Instructions for the task → Take nothing but the lines from the one with "Perfect for couples" through the one with "Книга содержит три" in the entries below, both ends kept, and return them exactly with pictures left out.

Data in this exercise →
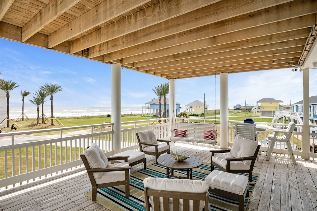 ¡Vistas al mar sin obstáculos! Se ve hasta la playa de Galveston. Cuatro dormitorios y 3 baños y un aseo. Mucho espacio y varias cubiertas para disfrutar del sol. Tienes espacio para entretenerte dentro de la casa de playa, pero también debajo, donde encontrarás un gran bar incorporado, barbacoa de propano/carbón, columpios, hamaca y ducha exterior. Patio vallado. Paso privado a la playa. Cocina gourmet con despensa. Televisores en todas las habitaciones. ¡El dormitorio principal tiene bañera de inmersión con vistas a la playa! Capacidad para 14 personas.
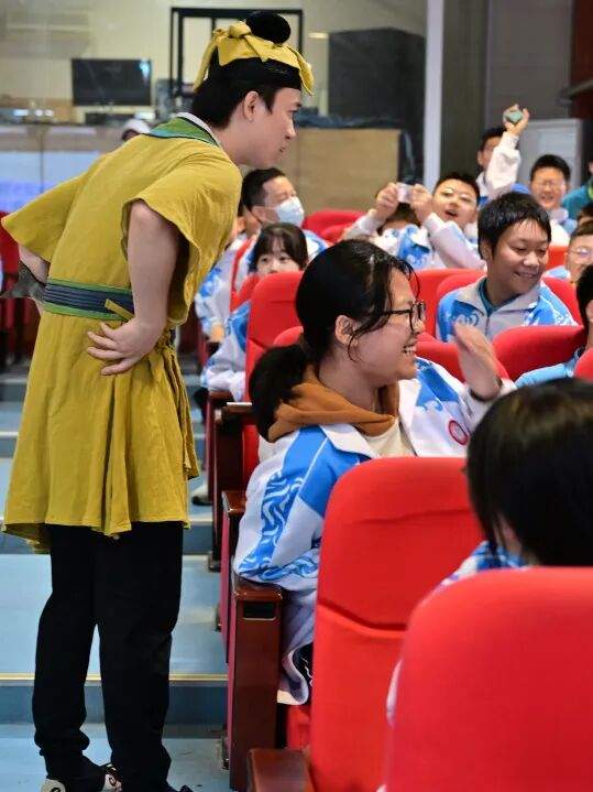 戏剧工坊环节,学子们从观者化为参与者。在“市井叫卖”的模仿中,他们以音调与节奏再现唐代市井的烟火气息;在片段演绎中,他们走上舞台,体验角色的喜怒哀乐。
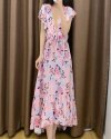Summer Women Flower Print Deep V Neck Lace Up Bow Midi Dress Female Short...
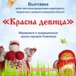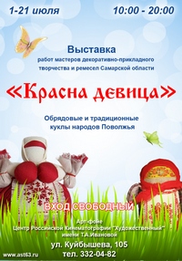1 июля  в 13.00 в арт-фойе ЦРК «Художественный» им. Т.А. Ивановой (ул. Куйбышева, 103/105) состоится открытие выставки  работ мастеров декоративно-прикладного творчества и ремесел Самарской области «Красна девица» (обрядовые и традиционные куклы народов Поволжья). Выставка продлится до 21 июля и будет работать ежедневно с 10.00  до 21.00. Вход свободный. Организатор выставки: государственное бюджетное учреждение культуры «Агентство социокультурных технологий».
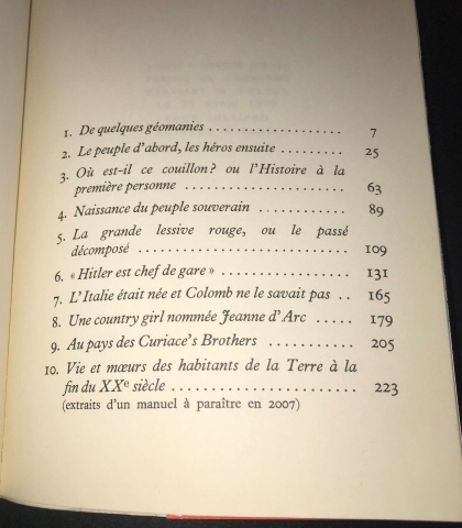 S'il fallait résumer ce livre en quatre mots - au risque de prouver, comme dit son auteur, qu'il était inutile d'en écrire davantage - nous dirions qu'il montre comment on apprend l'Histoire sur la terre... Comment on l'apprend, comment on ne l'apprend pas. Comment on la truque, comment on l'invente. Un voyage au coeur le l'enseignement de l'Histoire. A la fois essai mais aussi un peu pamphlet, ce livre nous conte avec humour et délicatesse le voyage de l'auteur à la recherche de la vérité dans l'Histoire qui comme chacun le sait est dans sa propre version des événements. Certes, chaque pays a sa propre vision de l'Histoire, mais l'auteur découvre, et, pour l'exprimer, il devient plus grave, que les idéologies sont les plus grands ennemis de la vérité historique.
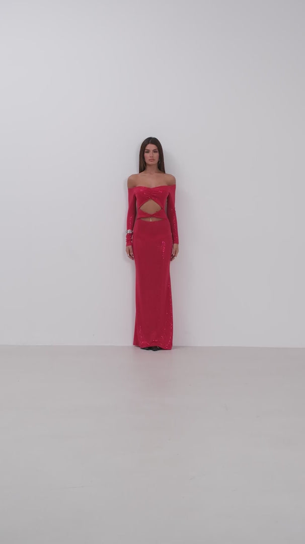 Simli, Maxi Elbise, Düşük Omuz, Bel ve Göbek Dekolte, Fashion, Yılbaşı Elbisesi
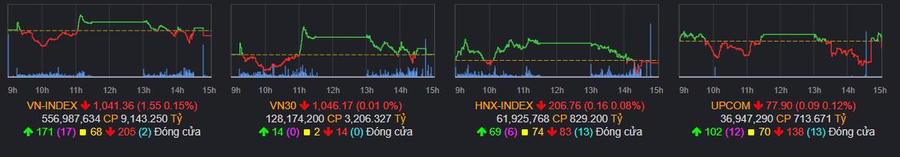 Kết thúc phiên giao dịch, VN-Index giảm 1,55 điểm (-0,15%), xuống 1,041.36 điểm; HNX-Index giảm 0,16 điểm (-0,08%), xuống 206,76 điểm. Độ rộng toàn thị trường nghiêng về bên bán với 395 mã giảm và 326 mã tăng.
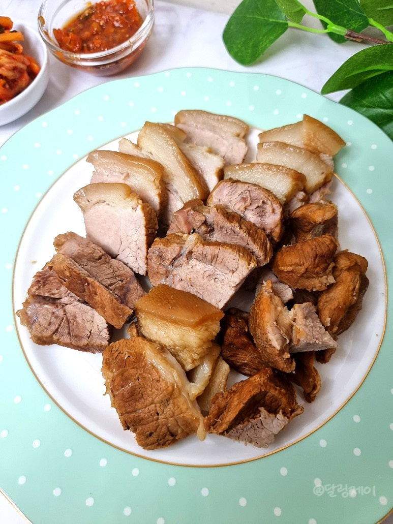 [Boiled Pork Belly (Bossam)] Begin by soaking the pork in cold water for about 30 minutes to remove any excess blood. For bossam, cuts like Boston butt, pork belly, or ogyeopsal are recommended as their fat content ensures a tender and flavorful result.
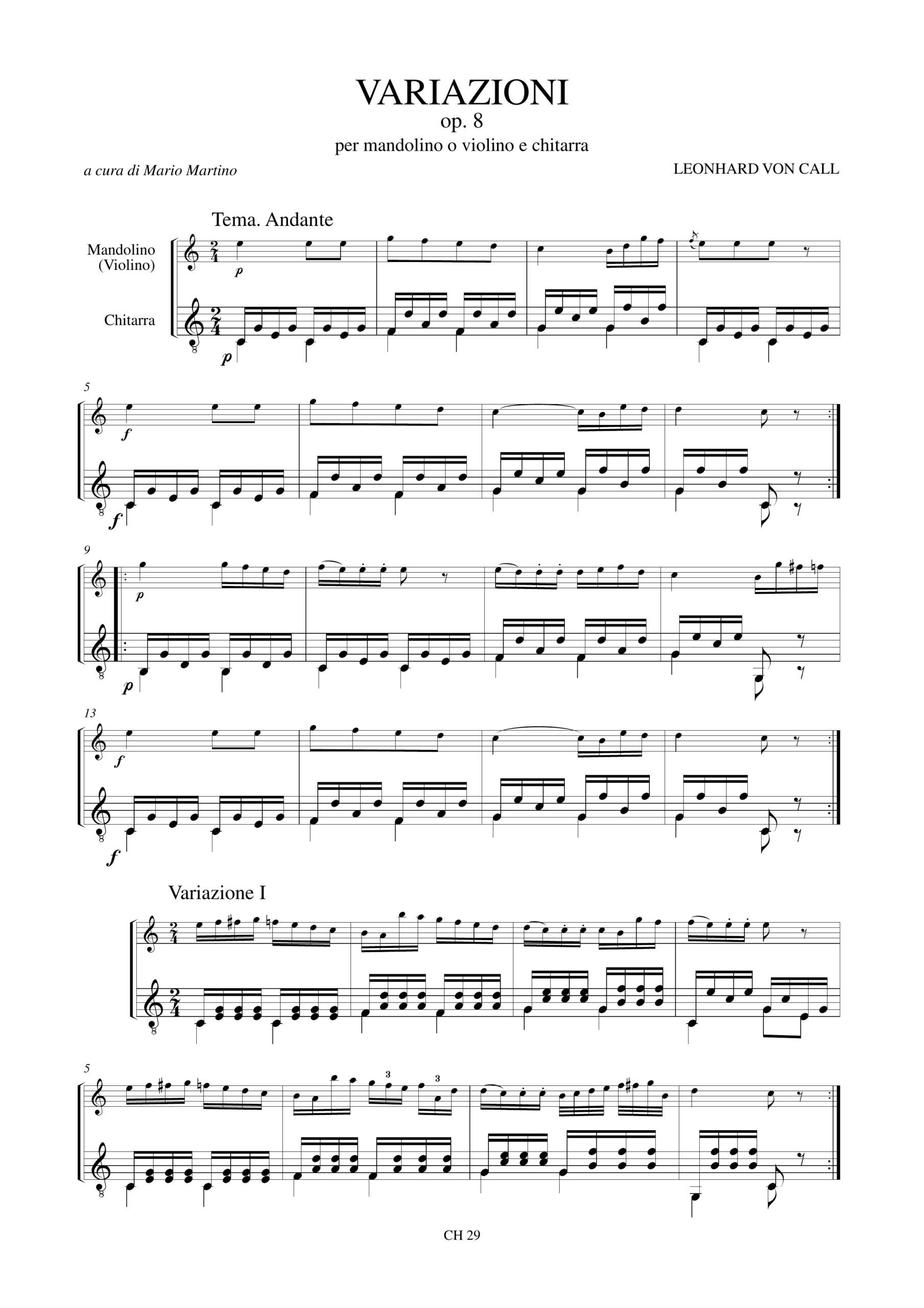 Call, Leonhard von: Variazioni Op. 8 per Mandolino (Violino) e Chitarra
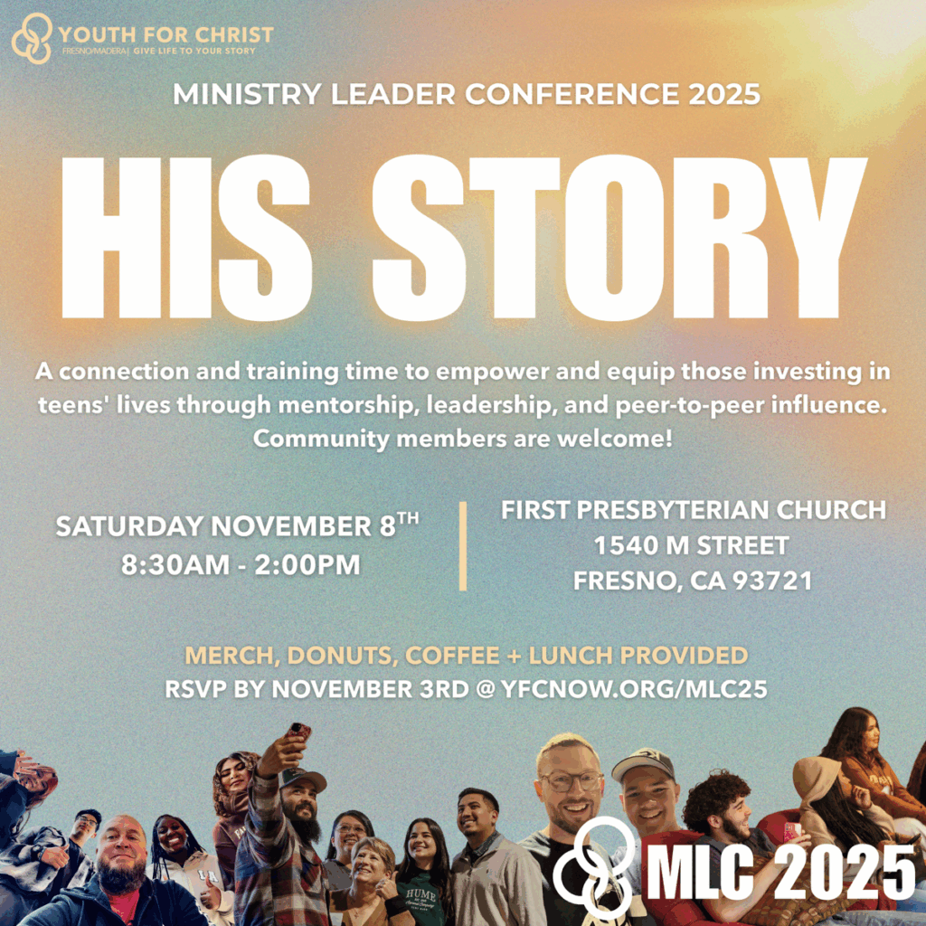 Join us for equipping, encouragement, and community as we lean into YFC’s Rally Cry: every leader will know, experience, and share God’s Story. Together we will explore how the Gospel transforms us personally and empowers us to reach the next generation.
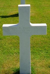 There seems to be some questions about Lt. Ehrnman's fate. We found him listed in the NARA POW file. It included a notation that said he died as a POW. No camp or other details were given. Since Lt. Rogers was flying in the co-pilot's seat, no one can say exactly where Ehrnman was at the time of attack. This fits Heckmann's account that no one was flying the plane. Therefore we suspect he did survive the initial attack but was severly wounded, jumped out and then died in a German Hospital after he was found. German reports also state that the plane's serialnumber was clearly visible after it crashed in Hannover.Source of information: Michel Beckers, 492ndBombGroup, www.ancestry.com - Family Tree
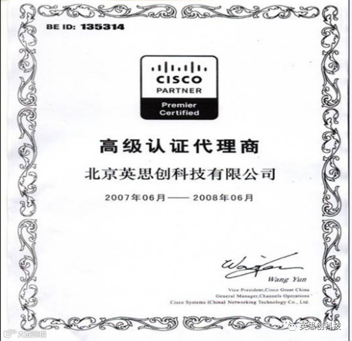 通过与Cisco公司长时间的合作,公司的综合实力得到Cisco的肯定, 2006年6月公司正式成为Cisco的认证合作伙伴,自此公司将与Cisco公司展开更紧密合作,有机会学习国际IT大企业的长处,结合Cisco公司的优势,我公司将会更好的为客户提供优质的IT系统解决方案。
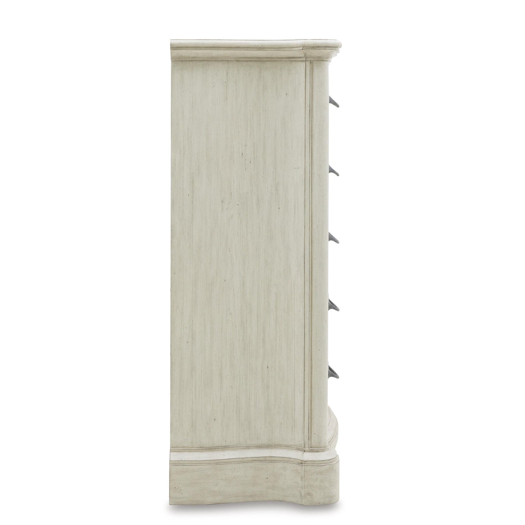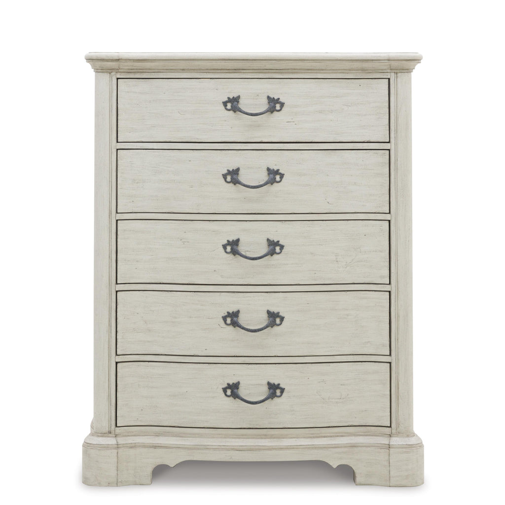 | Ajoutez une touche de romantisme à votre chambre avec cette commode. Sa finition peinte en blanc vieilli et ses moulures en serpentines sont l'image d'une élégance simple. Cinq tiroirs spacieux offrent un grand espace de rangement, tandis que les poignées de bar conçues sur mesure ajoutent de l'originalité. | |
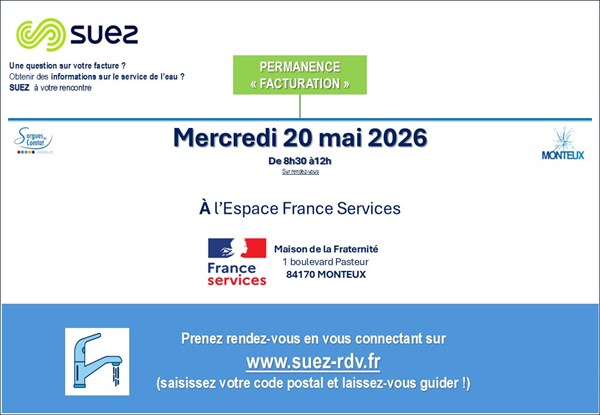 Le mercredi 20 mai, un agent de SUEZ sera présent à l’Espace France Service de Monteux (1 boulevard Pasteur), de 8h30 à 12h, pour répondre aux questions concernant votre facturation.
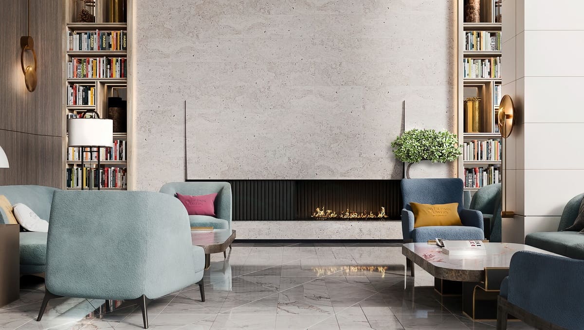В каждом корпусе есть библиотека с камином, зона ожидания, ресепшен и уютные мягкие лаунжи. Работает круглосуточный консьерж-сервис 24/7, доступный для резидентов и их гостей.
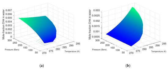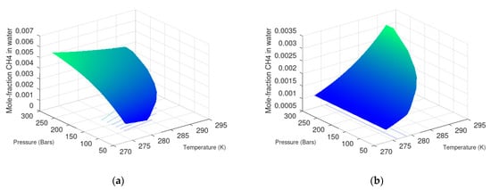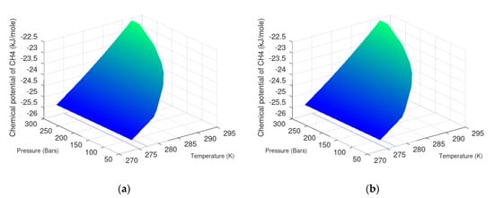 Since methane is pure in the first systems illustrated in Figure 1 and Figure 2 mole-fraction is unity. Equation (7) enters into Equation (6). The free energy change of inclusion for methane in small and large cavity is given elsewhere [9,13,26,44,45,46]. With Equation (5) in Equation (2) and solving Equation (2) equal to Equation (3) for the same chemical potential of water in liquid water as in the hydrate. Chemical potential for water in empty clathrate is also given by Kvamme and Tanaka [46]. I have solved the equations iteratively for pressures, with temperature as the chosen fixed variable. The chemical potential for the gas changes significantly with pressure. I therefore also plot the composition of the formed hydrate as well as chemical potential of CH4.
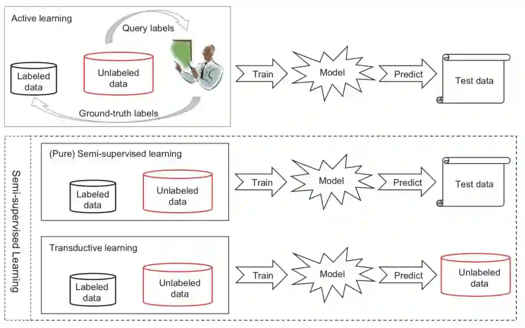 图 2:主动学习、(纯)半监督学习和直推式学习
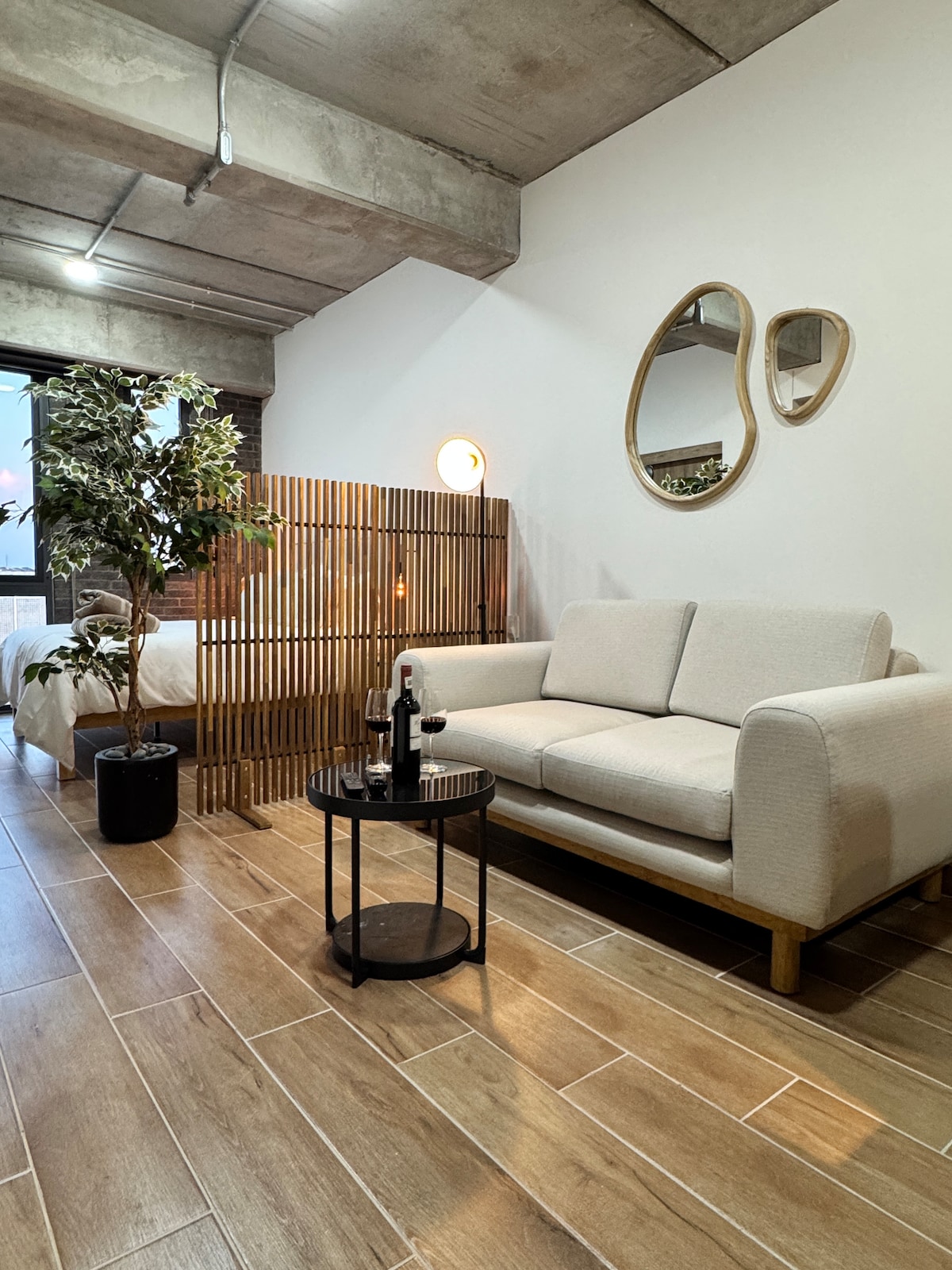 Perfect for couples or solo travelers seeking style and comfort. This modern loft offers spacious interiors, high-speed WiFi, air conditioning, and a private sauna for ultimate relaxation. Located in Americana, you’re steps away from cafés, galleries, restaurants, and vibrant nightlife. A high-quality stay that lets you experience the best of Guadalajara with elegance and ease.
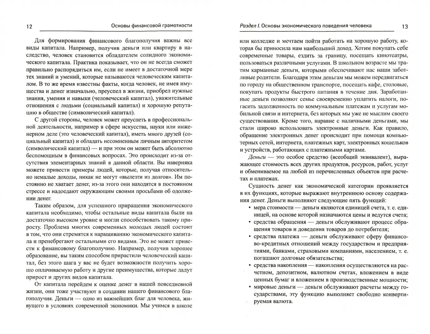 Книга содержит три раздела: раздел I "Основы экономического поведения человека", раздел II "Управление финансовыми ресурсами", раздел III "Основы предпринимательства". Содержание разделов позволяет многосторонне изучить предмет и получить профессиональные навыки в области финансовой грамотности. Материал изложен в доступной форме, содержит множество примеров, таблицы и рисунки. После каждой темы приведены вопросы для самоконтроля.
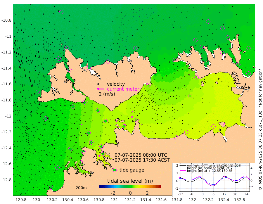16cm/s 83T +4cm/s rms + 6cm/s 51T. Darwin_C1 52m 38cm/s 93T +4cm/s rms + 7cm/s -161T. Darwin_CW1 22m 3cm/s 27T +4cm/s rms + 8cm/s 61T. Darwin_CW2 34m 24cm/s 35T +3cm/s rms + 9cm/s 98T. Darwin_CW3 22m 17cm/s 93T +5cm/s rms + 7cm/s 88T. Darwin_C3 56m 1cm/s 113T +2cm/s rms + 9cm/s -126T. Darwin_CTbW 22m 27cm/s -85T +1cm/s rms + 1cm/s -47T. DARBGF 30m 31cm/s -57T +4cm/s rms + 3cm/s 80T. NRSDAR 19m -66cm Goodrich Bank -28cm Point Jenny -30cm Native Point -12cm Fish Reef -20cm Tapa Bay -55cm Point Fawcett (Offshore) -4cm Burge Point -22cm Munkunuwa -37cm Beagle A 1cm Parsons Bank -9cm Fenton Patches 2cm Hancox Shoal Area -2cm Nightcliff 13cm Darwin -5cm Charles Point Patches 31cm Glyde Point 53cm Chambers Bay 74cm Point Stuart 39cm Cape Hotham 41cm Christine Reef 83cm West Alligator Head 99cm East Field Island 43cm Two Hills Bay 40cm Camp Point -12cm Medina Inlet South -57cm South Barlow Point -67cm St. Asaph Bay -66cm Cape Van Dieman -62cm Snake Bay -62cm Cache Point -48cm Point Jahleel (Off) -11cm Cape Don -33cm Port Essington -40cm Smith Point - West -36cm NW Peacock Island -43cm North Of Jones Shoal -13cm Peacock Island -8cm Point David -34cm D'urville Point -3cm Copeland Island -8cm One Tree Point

Reply to the exercise →
 Perfect for couples or solo travelers seeking style and comfort. This modern loft offers spacious interiors, high-speed WiFi, air conditioning, and a private sauna for ultimate relaxation. Located in Americana, you’re steps away from cafés, galleries, restaurants, and vibrant nightlife. A high-quality stay that lets you experience the best of Guadalajara with elegance and ease.
 Книга содержит три раздела: раздел I "Основы экономического поведения человека", раздел II "Управление финансовыми ресурсами", раздел III "Основы предпринимательства". Содержание разделов позволяет многосторонне изучить предмет и получить профессиональные навыки в области финансовой грамотности. Материал изложен в доступной форме, содержит множество примеров, таблицы и рисунки. После каждой темы приведены вопросы для самоконтроля.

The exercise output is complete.